Every line below should come back exactly as written, though the pictures stay out.

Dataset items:
┌────────

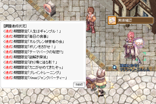 実績達成と衣装の受け取りはニルレムではなく各アトラクションのNPCへ話しかけたタイミングになります。
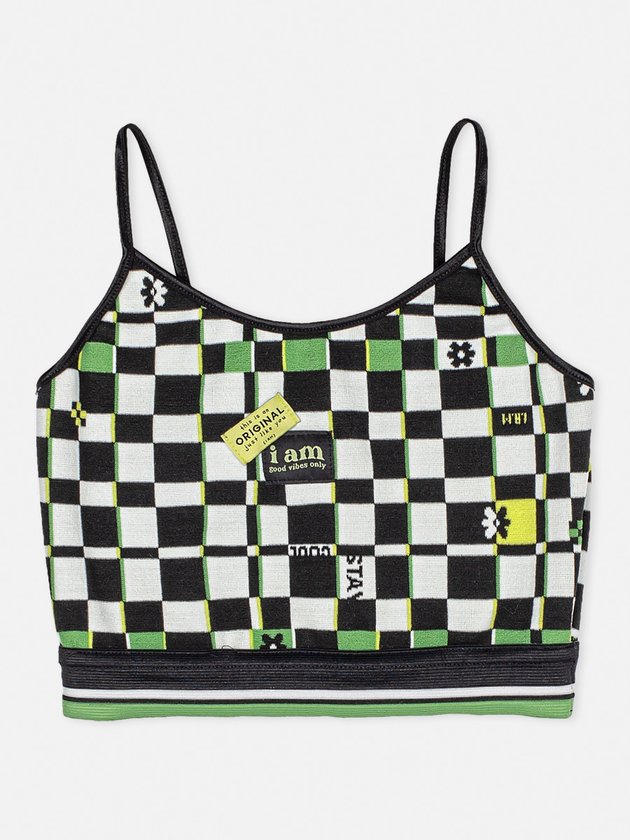 O cropped I Am foi desenvolvido em jacquard com estampa exclusiva quadriculada. Nos detalhes traz alças e barra com elástico aumentando o conforto da peça no corpo das garotas. Um top exclusivo que deixa o look delas ainda mais estiloso e moderno. Composição: 82% poliéster e 18% elastano. Ref.: R3147
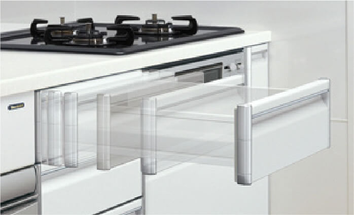手洗いにはマネできない高温洗浄で、ガンコな油汚れもスッキリ落し、キレイに洗い上げます。洗浄と乾燥のW除菌で食器はいつも清潔に。予約タイマー付で、奥様の味方。
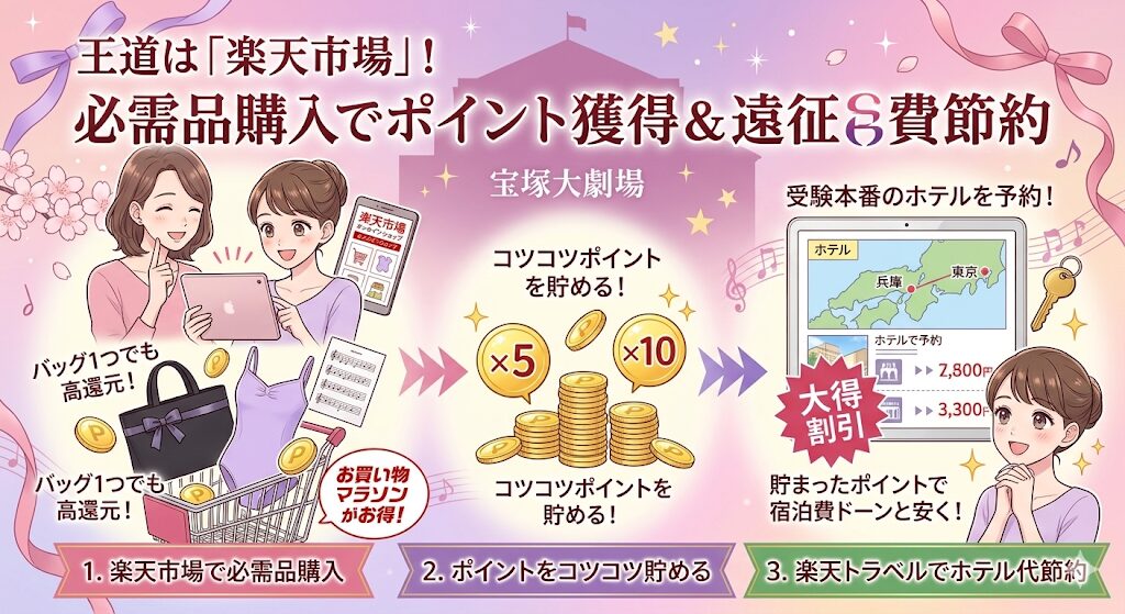今のうちからレッスンバッグやレオタードなどの必需品を「楽天市場」で購入してポイントをコツコツ貯めておけば、いざ受験本番のホテルを「楽天トラベル」で予約する際に、貯まったポイントを使って宿泊費をドーンと安く抑えることができます。
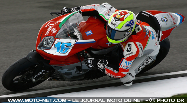 Kenan Sofuoglu prend un départ canon et poste sa Kawasaki n°54 devant Patrick Jacobsen, Kev Coghlan, Lorenzo Zanetti, Michael van den Mark, Jules Cluzel, Alessandro Nocco, Roberto Tamburini, Marco Bussolotti, Ratthapark Wilairot et Florian Marino, qualifié (sur le mouille) en 16ème place !
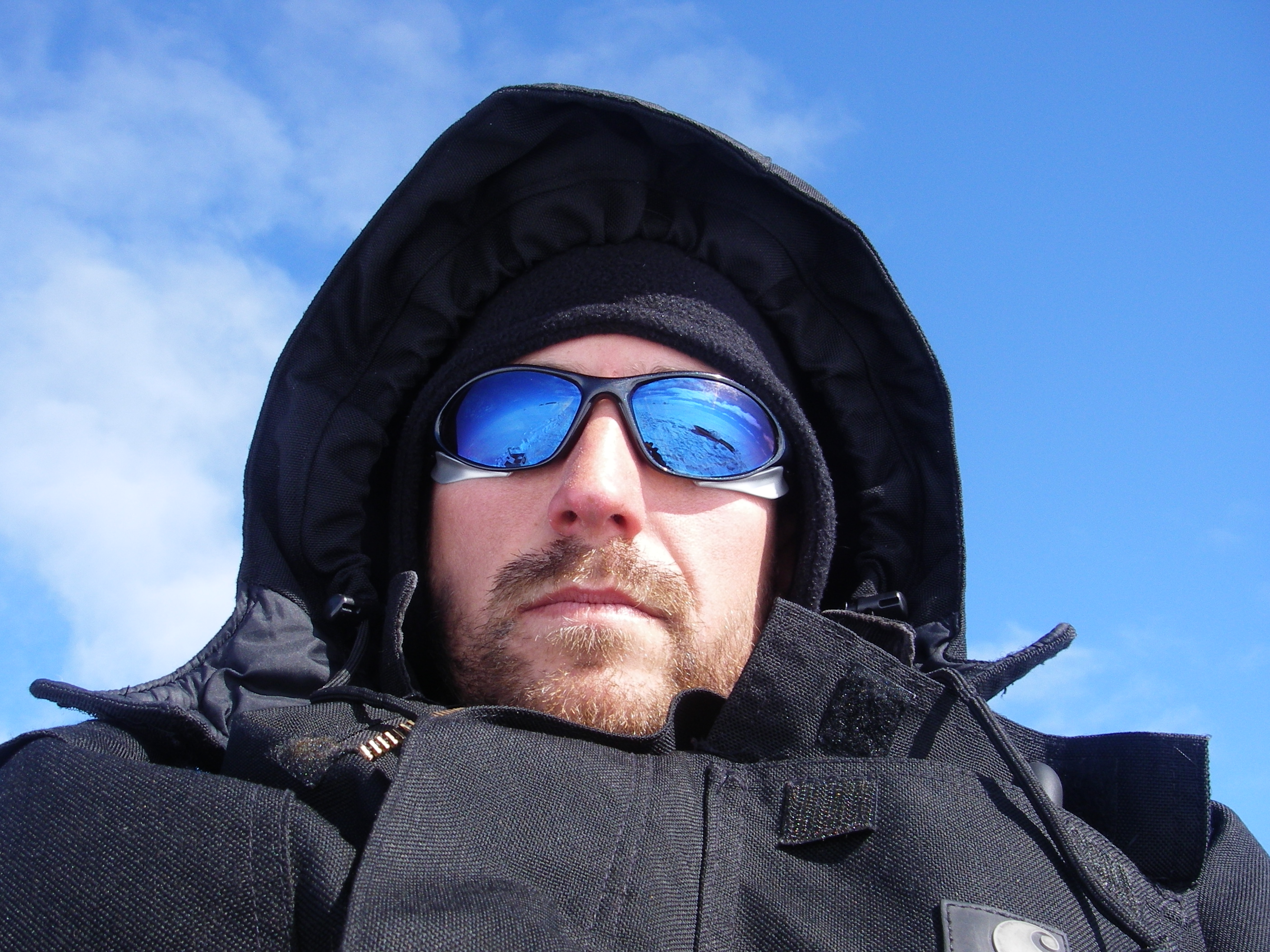 Modeling the latest fashions in extreme cold weather gear, Craig Beals attempts to fight off the cold weather with layers and layers and layers. Balloon Island, Greenland.
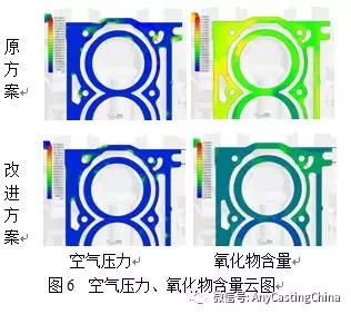 ![]() 摘要:本文采用數值模擬分析方法,利用AnyCasting鑄造模擬軟件對高壓件產品表面氣渣孔成因進行了探究。通過AnyCasting鑄造模擬軟件對鑄件充型過程進行分析,著重分析了充型過程中鋁液前端氧化物的形成過程,并輔助含氣量及空氣壓力判據進行分析。試驗結果顯示,當氧化物和含氣量共同作用與鑄件同一位置時,則形成加工表面氣渣孔的概率較大。 關鍵詞:數值模擬; AnyCasting; 氧化物 * 產品缺陷展示 如圖1~3所示,某缸體頂面加工面氣渣孔缺陷,在氣渣孔下方有氣孔出現(xiàn),對缺陷件進行統(tǒng)計分析,其缺陷位置固定。此缺陷在第一次小批量生產中報廢率為5%,造成廢品率升高。由于該缺陷是氧化夾渣及氣體等缺陷共同作用的結果,所以在開發(fā)前期靠模流分析軟件中單一缺陷的評判標準是無法對氣渣孔位置進行準確定位的。因此我司此次利用氧化夾渣判據及氣體判據進行綜合評判,以形成判定標準,從而指導新產品的開發(fā)。

└────────

__Written response__.
 実績達成と衣装の受け取りはニルレムではなく各アトラクションのNPCへ話しかけたタイミングになります。
 O cropped I Am foi desenvolvido em jacquard com estampa exclusiva quadriculada. Nos detalhes traz alças e barra com elástico aumentando o conforto da peça no corpo das garotas. Um top exclusivo que deixa o look delas ainda mais estiloso e moderno. Composição: 82% poliéster e 18% elastano. Ref.: R3147
手洗いにはマネできない高温洗浄で、ガンコな油汚れもスッキリ落し、キレイに洗い上げます。洗浄と乾燥のW除菌で食器はいつも清潔に。予約タイマー付で、奥様の味方。
今のうちからレッスンバッグやレオタードなどの必需品を「楽天市場」で購入してポイントをコツコツ貯めておけば、いざ受験本番のホテルを「楽天トラベル」で予約する際に、貯まったポイントを使って宿泊費をドーンと安く抑えることができます。
 Kenan Sofuoglu prend un départ canon et poste sa Kawasaki n°54 devant Patrick Jacobsen, Kev Coghlan, Lorenzo Zanetti, Michael van den Mark, Jules Cluzel, Alessandro Nocco, Roberto Tamburini, Marco Bussolotti, Ratthapark Wilairot et Florian Marino, qualifié (sur le mouille) en 16ème place !
 Modeling the latest fashions in extreme cold weather gear, Craig Beals attempts to fight off the cold weather with layers and layers and layers. Balloon Island, Greenland.
 ![]() 摘要:本文采用數值模擬分析方法,利用AnyCasting鑄造模擬軟件對高壓件產品表面氣渣孔成因進行了探究。通過AnyCasting鑄造模擬軟件對鑄件充型過程進行分析,著重分析了充型過程中鋁液前端氧化物的形成過程,并輔助含氣量及空氣壓力判據進行分析。試驗結果顯示,當氧化物和含氣量共同作用與鑄件同一位置時,則形成加工表面氣渣孔的概率較大。 關鍵詞:數值模擬; AnyCasting; 氧化物 * 產品缺陷展示 如圖1~3所示,某缸體頂面加工面氣渣孔缺陷,在氣渣孔下方有氣孔出現(xiàn),對缺陷件進行統(tǒng)計分析,其缺陷位置固定。此缺陷在第一次小批量生產中報廢率為5%,造成廢品率升高。由于該缺陷是氧化夾渣及氣體等缺陷共同作用的結果,所以在開發(fā)前期靠模流分析軟件中單一缺陷的評判標準是無法對氣渣孔位置進行準確定位的。因此我司此次利用氧化夾渣判據及氣體判據進行綜合評判,以形成判定標準,從而指導新產品的開發(fā)。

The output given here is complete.